DECATUR, Ga. (AP) — A Georgia man gunned down his co-worker’s husband outside a suburban Atlanta preschool because the murder suspect believed an angel had ordered him to pull the trigger, his defense attorney argued on Tuesday.
Defense attorney Doug Peters said Hemy Neuman fell so hopelessly in love with Andrea Sneiderman, whom he supervised at General Electric, that he believed he was the father of her two children and that the only way to protect them was to kill Russell Sneiderman in November 2010. Neuman faces murder and firearms charges.
“He thought Sophia and Ian were his children and that Rusty Sneiderman was a danger to them,” said Peters, adding that his client was not guilty by reason of insanity because he couldn’t tell the difference between right and wrong during the killing.
Prosecutors, though, urged the jurors to reject the claims of delusions by Neuman, who they said will also assert that the angel resembled Olivia Newton-John and the demon who came to him sounded like Barry White. He said Neuman meticulously planned the killing for months so he could be with Andrea Sneiderman
“I’ll boil it down to a sentence: A man wanted someone else’s wife so he killed her husband,” said Don Geary, one of the prosecutors. “He got caught. We ask you to return a verdict that speaks the truth.”
Russell Sneiderman was shot to death shortly after dropping his two-year-old son off at a day care center in Dunwoody, an affluent suburb north of Atlanta. A bearded man in a hoodie approached Sneiderman, fired several shots and then hopped into a silver minivan and sped away. It happened so quickly that police initially believed it could have been a professional job.
At the center of the trial is Andrea Sneiderman, who is likely to be called to testify on Tuesday. Peters said the two shared a string of “intimate relations” during business trips after he hired her in early 2010, but that she rebuffed his attempts to marry her. Prosecutors say she rejects the allegations and that Neuman could be hallucinating.

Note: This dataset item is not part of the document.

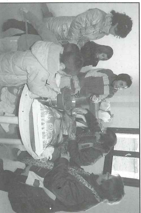
El taller va dur-se a terme al local social de Florejacs

La tradició dels majos, recuperada pels organitzadors de la Fira de la Flor de Florejacs, és l'eix d'uns dels certàmens florals de la Dama de les Flors, que tindrà lloc per setena edició consecutiva els propers dies 7 i 8 d'abril a Florejacs. Enguany, com a novetat, els majos que es presentin al concurs s'exposaran a l'interior de l'església parroquial, enllaçant amb la tradició religiosa que en feia una decoració del monument durant les dates de la Setmana Santa.

Neuman, 48, wasn’t interviewed by police until six weeks after Sneiderman’s death after detectives discovered that shortly before the shooting he rented a minivan matching the description of a vehicle seen driving away from the crime scene. He faces life in prison without parole if convicted; he’d be turned over to the state mental health system if found not guilty.
Neuman had a troubled childhood and was constantly in fear of his father, a Holocaust survivor who was wracked with guilt for having survived the Auschwitz death camp while 11 other relatives died. He eventually moved from his home in Mexico to a boarding school in Israel, partly to get away from his father’s volatile behavior.
“It was a life of anger, it was a life filled with terror, of not knowing when or why their father would explode with rage,” Peters said.
He later graduated from Georgia Tech and bought a pricey home in a Cobb County subdivision after landing a job as a high-ranking manager at GE, where he made $180,000 a year and supervised 5,000 engineers and a $800 million budget, prosecutors said.
Neuman hired Andrea Sneiderman in early 2010 after she decided she needed to earn more money because her husband, a 36-year-old Harvard-trained entrepreneur, was having trouble finding steady work, attorneys said. They soon hit it off, and on work trips they would share long dinners, wine and occasionally romance, Neuman’s defense team contends.
Prosecutors say Neuman began meticulously planning Russell Sneiderman’s killing after she rebuffed one of his advances. They say he bought a gun, took it to target practice and then on Nov. 10 camped outside Sneiderman’s house to try to kill him. He bolted when Sneiderman, who couldn’t recognize Neuman, startled him, they say.
Nine days later, prosecutors say, Neuman arrived at his office earlier than usual — at 5:36 a.m. — and then sneaked out a back door to avoid security cameras and give himself an alibi. He then drove to the Dunwoody Prep day care center, shot Sneiderman four times and hopped in the minivan and tried to melt into morning rush traffic, they say.
Neuman was so callous about his actions that he returned to work a few hours later and later participated in the religious ceremonies of his victim’s death, including the Jewish ritual of shoveling dirt on Sneiderman’s grave at his funeral, Geary said.
Peters asked the jurors to pay careful attention to phone records between Neuman and Andrea Sneiderman, noting that the two exchanged three calls on the night before the shooting and that she called him six times in the hours after her husband was killed.
He also said his arguments that his client couldn’t tell the difference between right and wrong during the killing are backed by evaluations from psychiatrists and mental health experts who diagnosed Neuman as bipolar and concluded he had a delusional disorder.
“This case is not about what happened. We know what happened,” Peters said. “It’s about why.”